P. CURZIO NITOGLIA: AS TRÊS FORMAS DE GOVERNO E A TIRANIA
Padre Curzio Nitoglia
[Tradução: Gederson Falcometa]
As três formas de governo e a tirania
Santo Tomás ensina que as possíveis formas de governo são três: monarquia, aristocracia e politeia (hoje ‘democracia’ clássica, essencialmente diferente do ‘democratismo’ moderno de Rousseau). Ele considera a monarquia como a primeira forma de governo (o governo de um só) que, porém, pode degenerar em tirania. A segunda forma de governo considerada pelo Aquinate, é a aristocracia (governo dos melhores) que pode degenerar em oligarquia, ou seja, tirania dos poucos. A terceira forma é a politeia (governo dos magistrados ou dos cidadãos/militares) ou timocracia (governo onde os cargos são atribuídos tendo por base a honra e a força da sanior pars populi), a qual pode degenerar em democratismo ou democracia moderna (tirania do povo). Hoje, em lugar de politeia ou de timocracia, prevaleceu o uso da palavra democracia – que para os clássicos e escolásticos havia já de per sè uma valência negativa – a qual pode degenerar em demagogia, como se diz comumente hoje.
A melhor forma de governo
Segundo a tradição escolástica, a melhor forma de governo é aquela mista, dada a malícia do homem, ferido pelo pecado original, que facilmente é levado a se degenerar. Na Suma Teológica (I-II, q. 95, a.4) Santo Tomás escreve:”existe um certo regime, que é um misto destas três formas, o qual é o melhor”. E ainda: “a melhor forma de poder é bem temperada pela união da monarquia ou dos virtuosos, e pela democracia, que é o poder do povo, enquanto os Príncipes podem ser escolhidos na classe popular e podem ser eleitos pelo próprio povo” (S. Th., I-II, q. 105, a. 1, in corpore). Todo bom regime deve, portanto, ser misto e radicado no princípio do povo-canal, que transmite tarefas e funções de governo aos homens aptos, preparados e honestos (os melhores); enquanto ao vértice, a suprema unidade de governo pertence a um homem, prudente e maduro (o monarca).

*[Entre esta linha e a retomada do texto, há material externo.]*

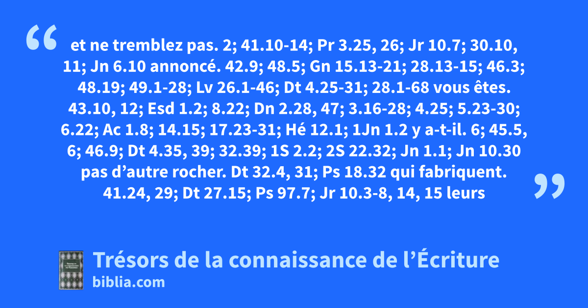 et ne tremblez pas. 2; 41.10-14; Pr 3.25, 26; Jr 10.7; 30.10, 11; Jn 6.10 annoncé. 42.9; 48.5; Gn 15.13-21; 28.13-15; 46.3; 48.19; 49.1-28; Lv 26.1-46; Dt 4.25-31; 28.1-68 vous êtes. 43.10, 12; Esd 1.2; 8.22; Dn 2.28, 47; 3.16-28; 4.25; 5.23-30; 6.22; Ac 1.8; 14.15; 17.23-31; Hé 12.1; 1Jn 1.2 y a-t-il. 6; 45.5, 6; 46.9; Dt 4.35, 39; 32.39; 1S 2.2; 2S 22.32; Jn 1.1; Jn 10.30 pas d’autre rocher. Dt 32.4, 31; Ps 18.32

Santo Tomás, retomando o ensinamento de Aristóteles, sublinha que a monarquia é mais nobre que a aristocracia e que esta o é mais que a democracia. Todavia, Santo Tomás colocar em guarda contra os perigos da monarquia, não enquanto perigosa em si, mas por causa da malícia do homem. Se pode então concluir que a mais nobre forma de governo, a monarquia, é bom que seja temperada pela aristocracia e pela timocracia ou democracia (obviamente não a democracia moderna, segundo a qual o poder não deriva de Deus, mas do homem).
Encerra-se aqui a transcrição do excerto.